IE Semineri: “Exactness and Algorithmic Efficiency in Semidefinite Programming Relaxations”, Fatma Kılınç-Karzan, 16:00 13 Mayıs (EN)

Speaker: Fatma Kılınç-Karzan, Carnegie Mellon University

Date & Time: May 13, 2022, Friday, 16:00

***This is an online seminar. To obtain the event link, please send a message to department.

Title: Exactness and Algorithmic Efficiency in Semidefinite Programming Relaxations

Abstract: Semidefinite programs (SDPs) have been used as a tractable relaxation for many NP-hard problems that naturally arise in operations research, engineering, and computer science. The SDP relaxation is obtained by first reformulating the problem in a lifted space with an additional rank constraint and then dropping the rank constraint. In this talk, we will first study the SDP relaxation for general quadratically constrained quadratic programs, present various exactness concepts related to the SDP relaxation, and discuss conditions guaranteeing such SDP exactness. In particular, this will allow us to identify structural properties of these problems that admit equivalent tractable SDP reformulations. Despite the well-established strength of SDP relaxations, the task of solving an SDP is still considered impractical, especially in modern large-data settings, and precludes their widespread adoption in practice. In the second part of this talk, we will review how we can effectively exploit the exactness properties of SDPs to design storage-optimal accelerated first-order methods (which achieve even linear convergence rates for certain problems). [This is joint work with Alex Wang.]
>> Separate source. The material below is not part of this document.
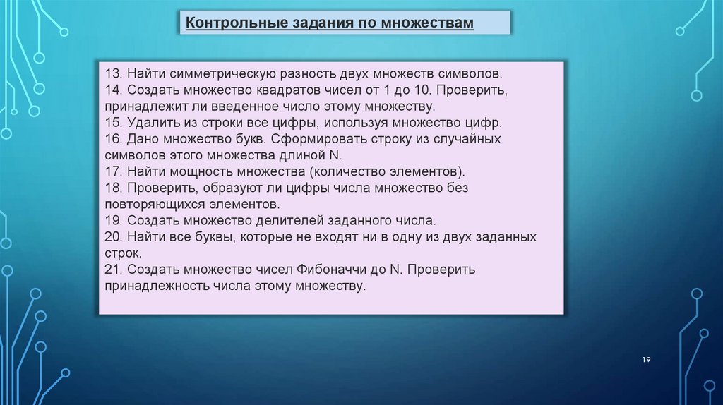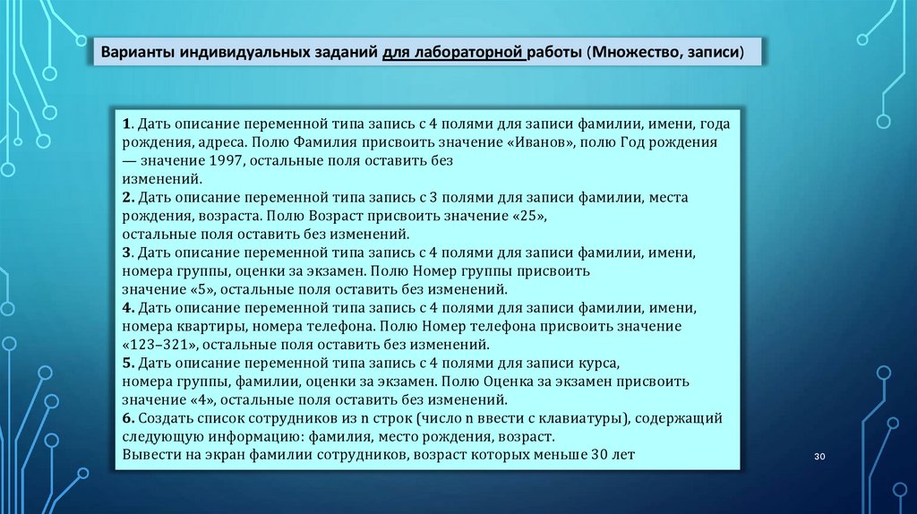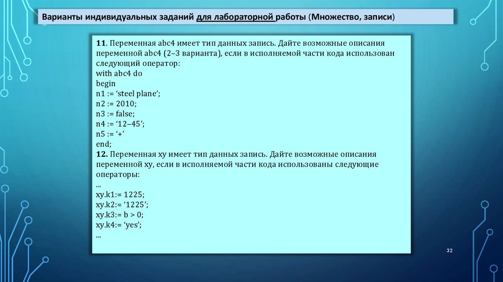 Варианты индивидуальных заданий для лабораторной работы (Множество, записи)28. Множество содержит натуральные числа из некоторого диапазона.
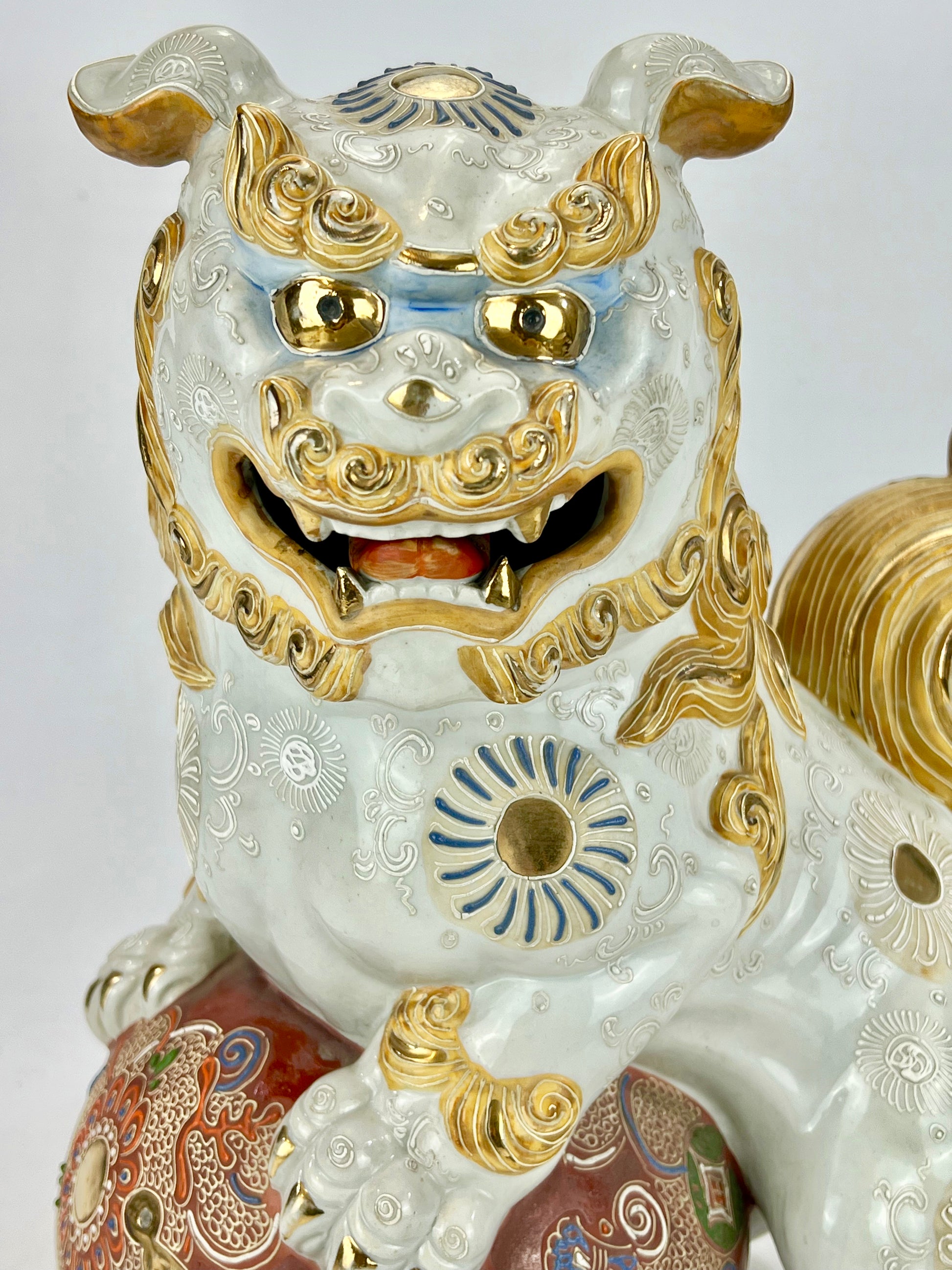 Vintage Japanese Kutani Ceramic ShiShi Temple Lion Foo Dog Statue 13”

Bio: Fatma Kılınç-Karzan is the Frank A. and Helen E. Risch Faculty Development Chair and Associate Professor of Operations Research at Tepper School of Business, Carnegie Mellon University. She holds a courtesy appointment at the Department of Computer Science as well. She completed her PhD at Georgia Institute of Technology in 2011 and undergraduate and masters degrees at Middle East Technical University in
2003 and 2005. Her research interests are on foundational theory and algorithms for convex optimization and structured nonconvex optimization, and their applications in optimization under uncertainty, machine learning and business analytics. Her work was the recipient of several best paper awards, including 2015 INFORMS Optimization Society Prize for Young Researchers and 2014 INFORMS JFIG Best Paper Award. Her research has been supported by generous grants from NSF and ONR, including an NSF CAREER Award.